The inputs and output are **identical to the TensorFlow model inputs and outputs**.
We detail them here. This model takes as *inputs*:
- `input_ids`: a torch.LongTensor of shape [batch_size, sequence_length] (or more generally [d_1, ..., d_n, sequence_length] were d_1 ... d_n are arbitrary dimensions) with the word BPE token indices selected in the range [0, vocab_size[
- `position_ids`: an optional torch.LongTensor with the same shape as input_ids
with the position indices (selected in the range [0, config.n_positions - 1[.
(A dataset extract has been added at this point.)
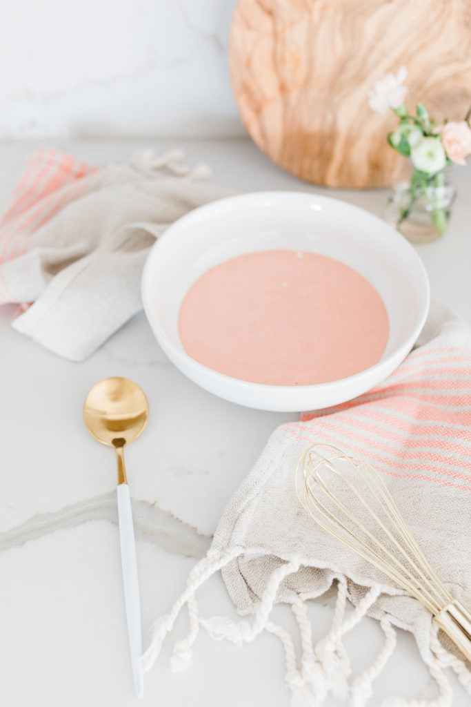 Place all ingredients, except eggs, coconut oil, and strawberries in a good quality blender. Blend until oats are ground and everything is mixed well. Add eggs and pulse until incorporated. Add pink/red food coloring to create your perfect pink.

- `token_type_ids`: an optional torch.LongTensor with the same shape as input_ids
You can use it to add a third type of embedding to each input token in the sequence
(the previous two being the word and position embeddings). The input, position and token_type embeddings are summed inside the Transformer before the first self-attention block.
- `past`: an optional list of torch.LongTensor that contains pre-computed hidden-states (key and values in the attention blocks) to speed up sequential decoding (this is the `presents` output of the model, cf. below).
This model *outputs*:
- `hidden_states`: the encoded-hidden-states at the top of the model as a torch.FloatTensor of size [batch_size, sequence_length, hidden_size] (or more generally [d_1, ..., d_n, hidden_size] were d_1 ... d_n are the dimension of input_ids)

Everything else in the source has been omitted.